AIDS “disproportionately” infects LGBTQ communities, those of color and the poor, Pelosi says in a statement posted on the speaker’s website:

“As we celebrate these vital strides forward, Americans must also recognize that our work is far from over.  Throughout the world, AIDS continues to claim hundreds of thousands of lives every year – disproportionately harming our LGBTQ communities, communities of color and individuals experiencing poverty.  House Democrats remain committed to relentlessly advancing health equity, stamping out discrimination and bringing the scourge of HIV/AIDS to an end once and for all.”

Pelosi echoes the claim in a Twitter thread, in which she says Democrats “remain committed to relentlessly advancing health equity”:

“As we celebrate these strides forward, Americans must recognize that our work is far from over. Across the world, AIDS claims hundreds of thousands of lives every year – disproportionately harming our LGBTQ communities, communities of color & individuals experiencing poverty.”

@HouseDemocrats remain committed to relentlessly advancing health equity, stamping out discrimination and bringing the scourge of HIV/AIDS to an end once and for all.”

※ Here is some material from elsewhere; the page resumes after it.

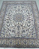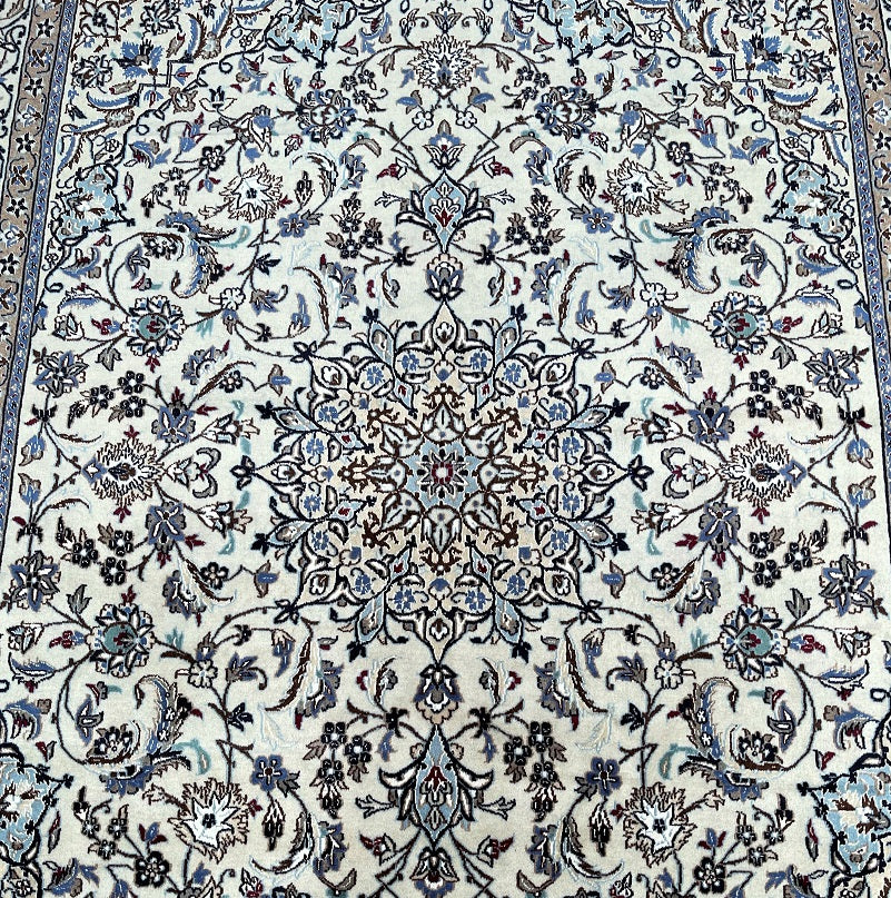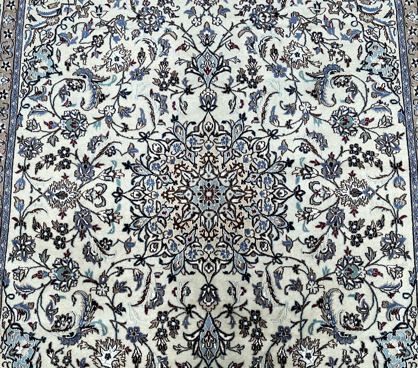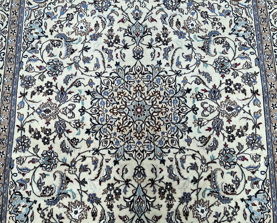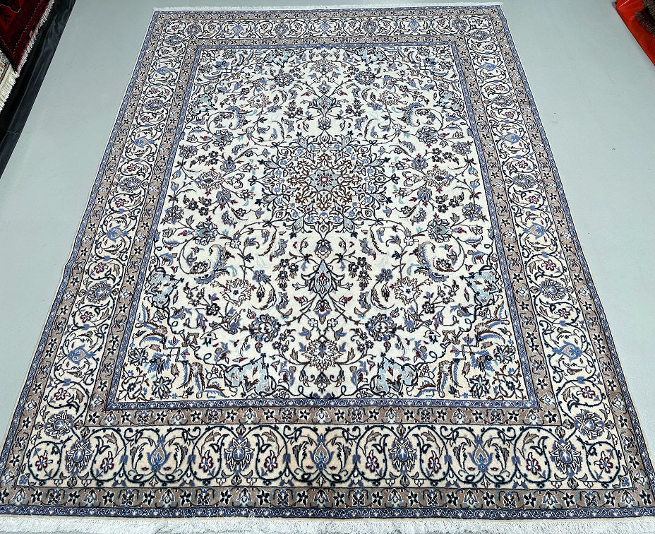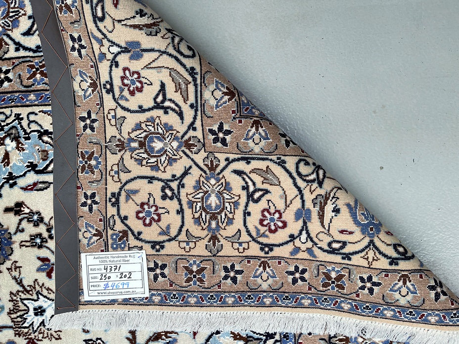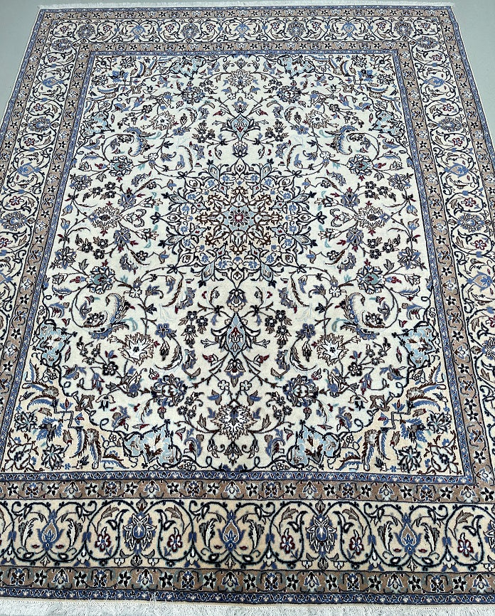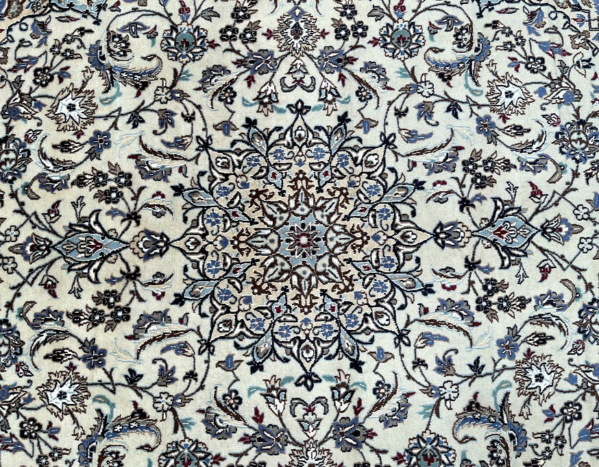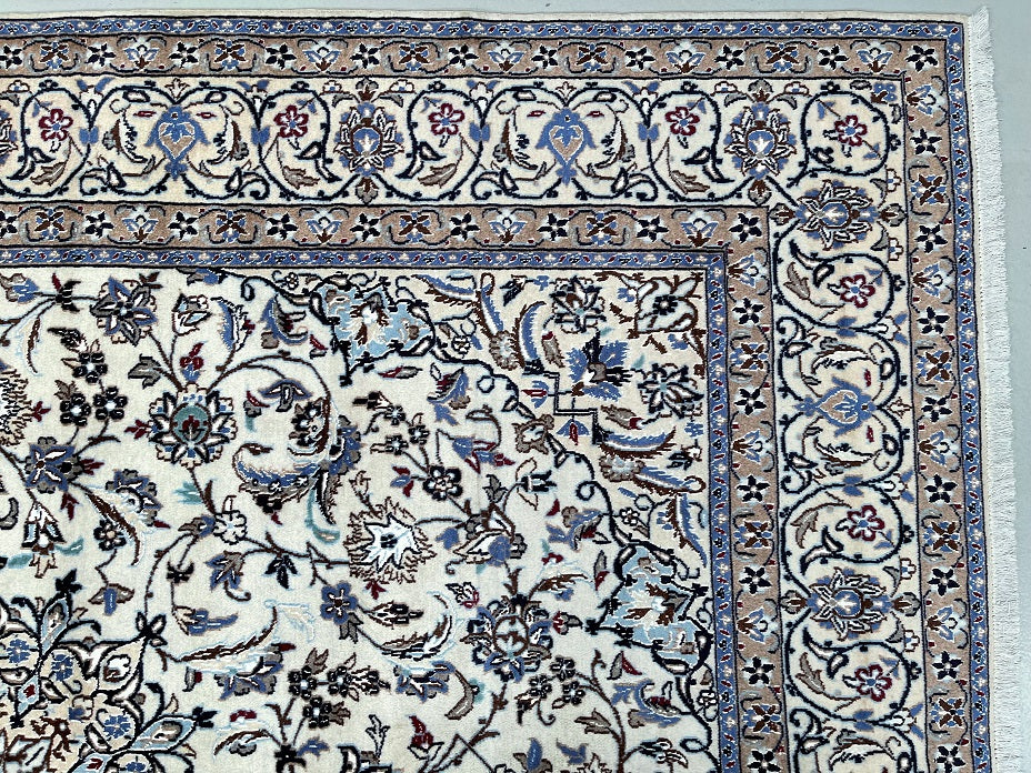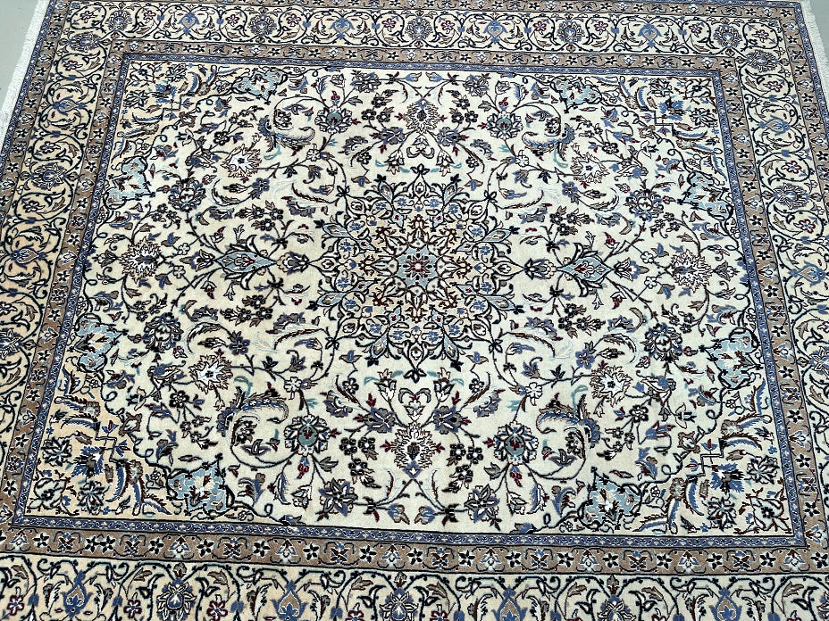 Superb squarish room size authentic handmade Persian Nain rug. Above all it is hard to get this quality original handmade rug in red and beige tone from city of Nain. It has a Lamb’s wool and silk inlaid pile on cotton base. Rare beige, blue, burgundy and brown tones dyed using traditional methods.

But, as HIV.gov emphasizes with bolded text, behavior, not health discrimination, appears to be at the root of the disproportionately high HIV rates among some subpopulations, as “gay, bisexual and other men who have sex with men (MSM) are by far the most affected group in the US”:

“Certain subpopulations within racial and ethnic minority groups are affected as well. For example, gay, bisexual and other men who have sex with men (MSM) are by far the most affected group in the US. They account for about 66% of new infections each year, even though they make up only 2% of the population, with the highest burden among Black and Latino gay and bisexual men. According to CDC, in 2019, 26% of new HIV infections were among Black gay and bisexual men, 23% among Latino gay and bisexual men, and 45% among gay and bisexual men under the age of 35.”

With women, however, AIDS is more prevalent among Blacks that other races/ethnicities, according to HIV.gov, though no behavioral difference is mentioned:

“Among women, disparities also exist. Black women are disproportionately affected by HIV as compared to women of other races/ethnicities.”